» **TASK STATEMENT**:
What is needed is an exact copy of the lines in the entries below from the one holding "Ecoey Carbon Monoxide" through the one holding "This large unit", pictures excluded.

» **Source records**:
------------------------------------
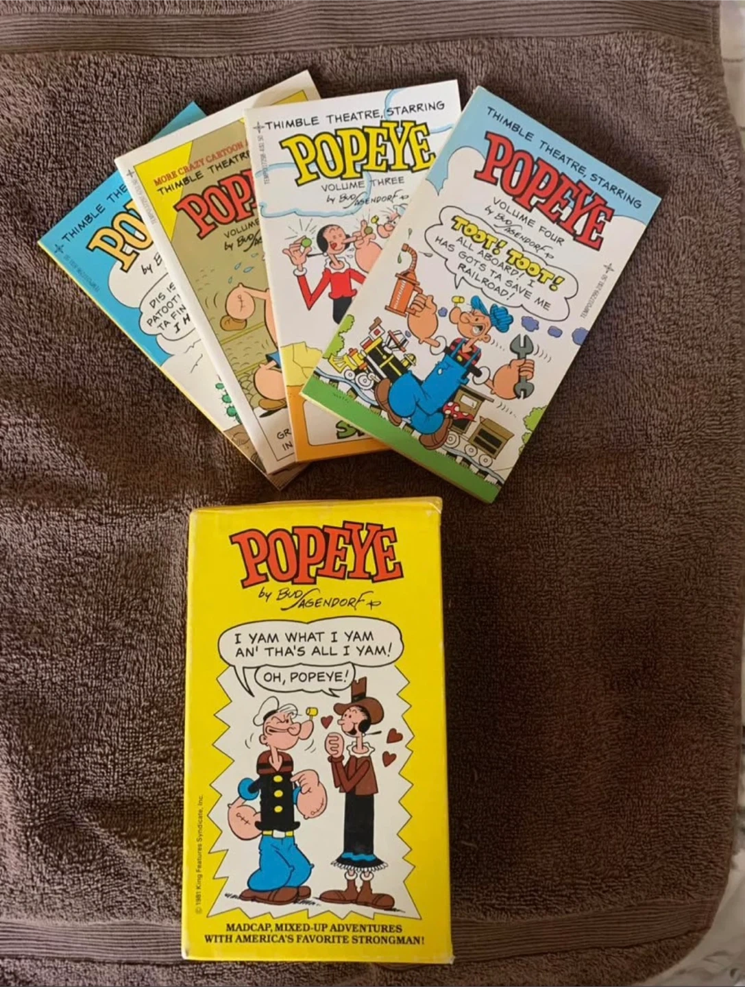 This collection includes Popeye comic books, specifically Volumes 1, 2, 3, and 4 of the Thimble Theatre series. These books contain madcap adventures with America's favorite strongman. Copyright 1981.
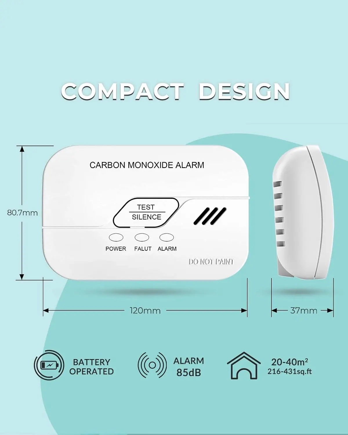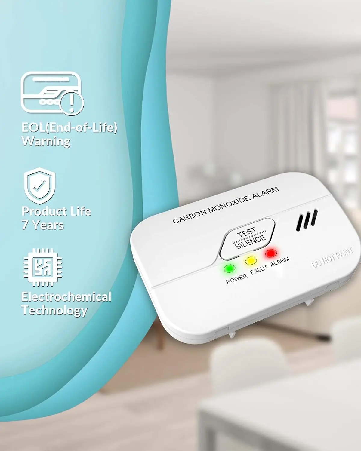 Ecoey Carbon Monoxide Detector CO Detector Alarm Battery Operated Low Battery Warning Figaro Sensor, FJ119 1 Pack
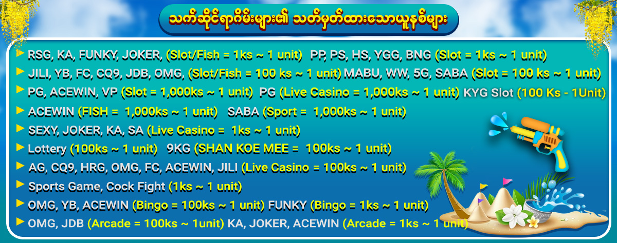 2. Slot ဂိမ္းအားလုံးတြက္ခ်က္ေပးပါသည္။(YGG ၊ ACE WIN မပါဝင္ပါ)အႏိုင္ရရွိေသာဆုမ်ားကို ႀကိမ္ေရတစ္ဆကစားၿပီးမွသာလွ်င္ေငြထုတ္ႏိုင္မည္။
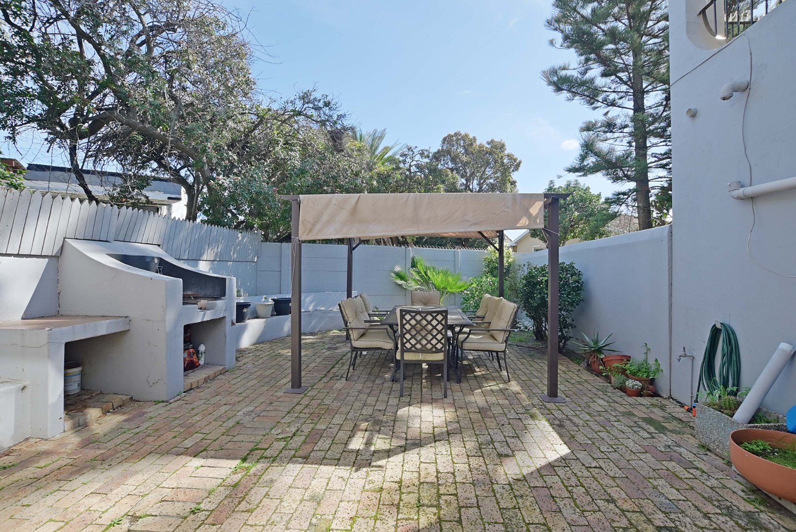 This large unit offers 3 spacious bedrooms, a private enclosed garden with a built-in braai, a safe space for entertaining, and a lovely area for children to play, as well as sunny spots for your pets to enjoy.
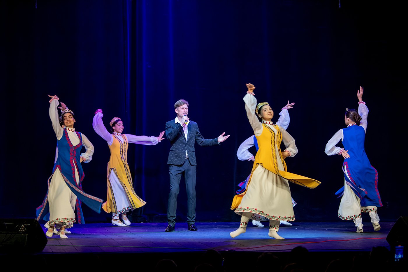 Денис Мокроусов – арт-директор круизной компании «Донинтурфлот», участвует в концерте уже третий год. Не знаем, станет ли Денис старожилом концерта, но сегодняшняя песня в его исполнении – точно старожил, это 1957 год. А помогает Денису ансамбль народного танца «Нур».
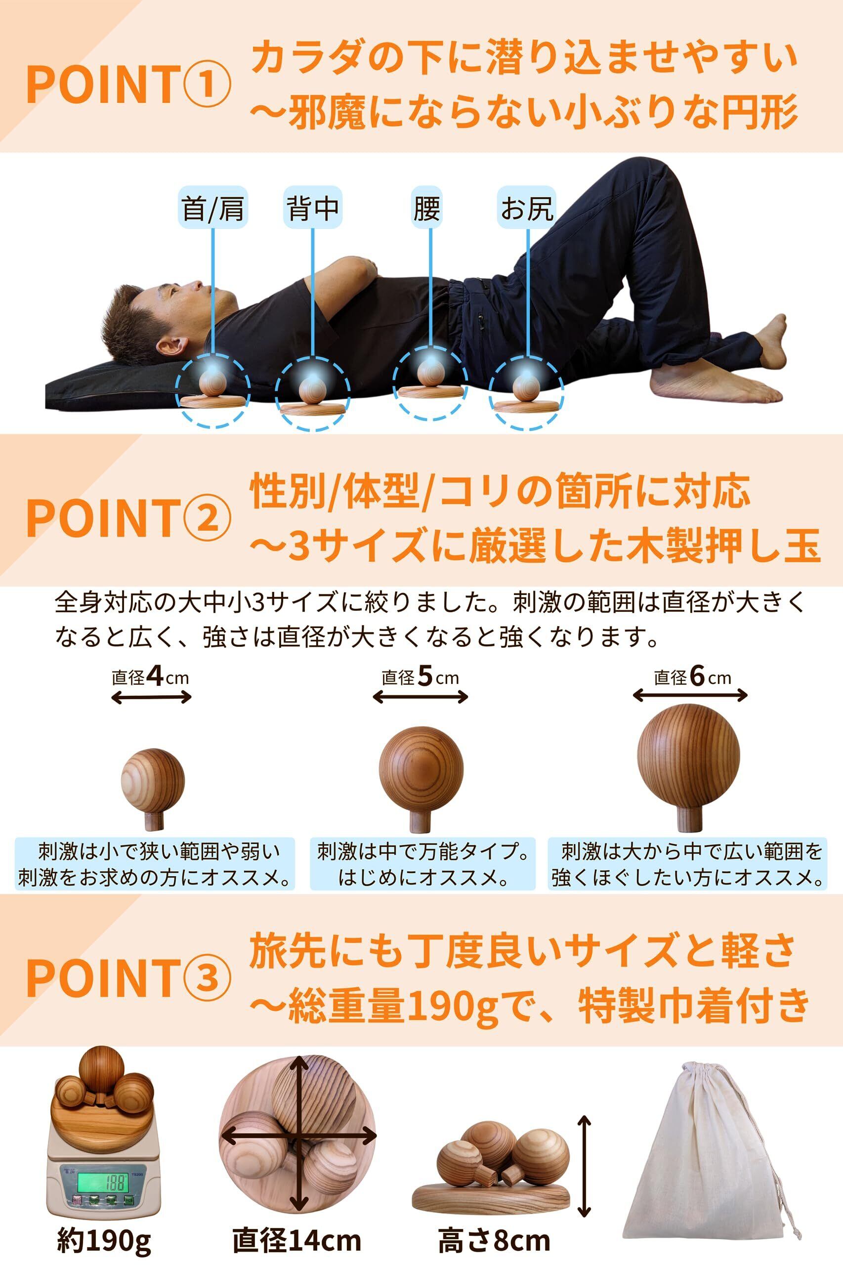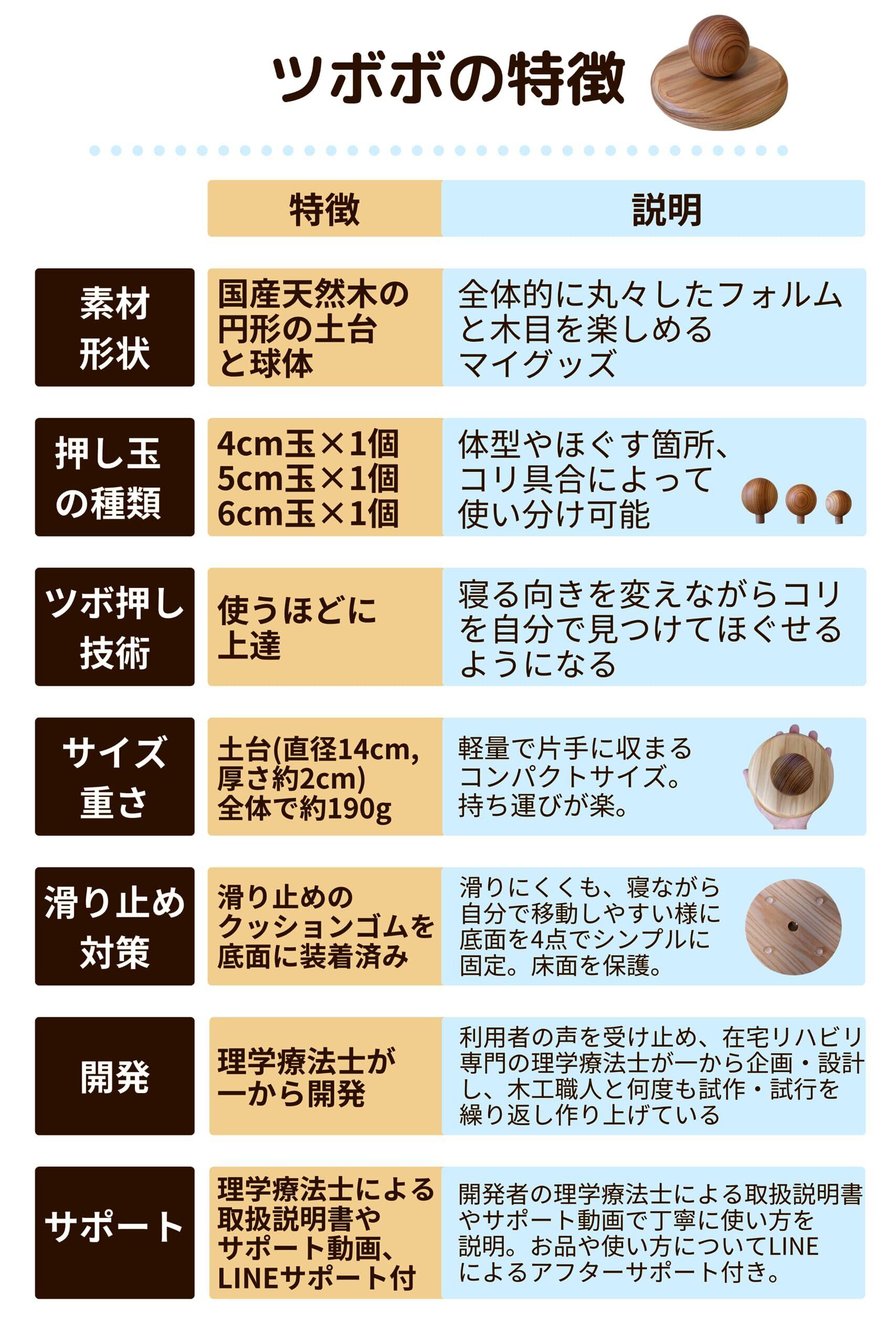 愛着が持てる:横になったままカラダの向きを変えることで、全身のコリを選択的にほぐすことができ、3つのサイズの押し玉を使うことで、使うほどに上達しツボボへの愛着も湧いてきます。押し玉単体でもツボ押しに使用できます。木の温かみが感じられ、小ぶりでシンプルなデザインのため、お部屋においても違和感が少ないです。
------------------------------------
» **WRITTEN RESPONSE**:
 Ecoey Carbon Monoxide Detector CO Detector Alarm Battery Operated Low Battery Warning Figaro Sensor, FJ119 1 Pack
 2. Slot ဂိမ္းအားလုံးတြက္ခ်က္ေပးပါသည္။(YGG ၊ ACE WIN မပါဝင္ပါ)အႏိုင္ရရွိေသာဆုမ်ားကို ႀကိမ္ေရတစ္ဆကစားၿပီးမွသာလွ်င္ေငြထုတ္ႏိုင္မည္။
 This large unit offers 3 spacious bedrooms, a private enclosed garden with a built-in braai, a safe space for entertaining, and a lovely area for children to play, as well as sunny spots for your pets to enjoy.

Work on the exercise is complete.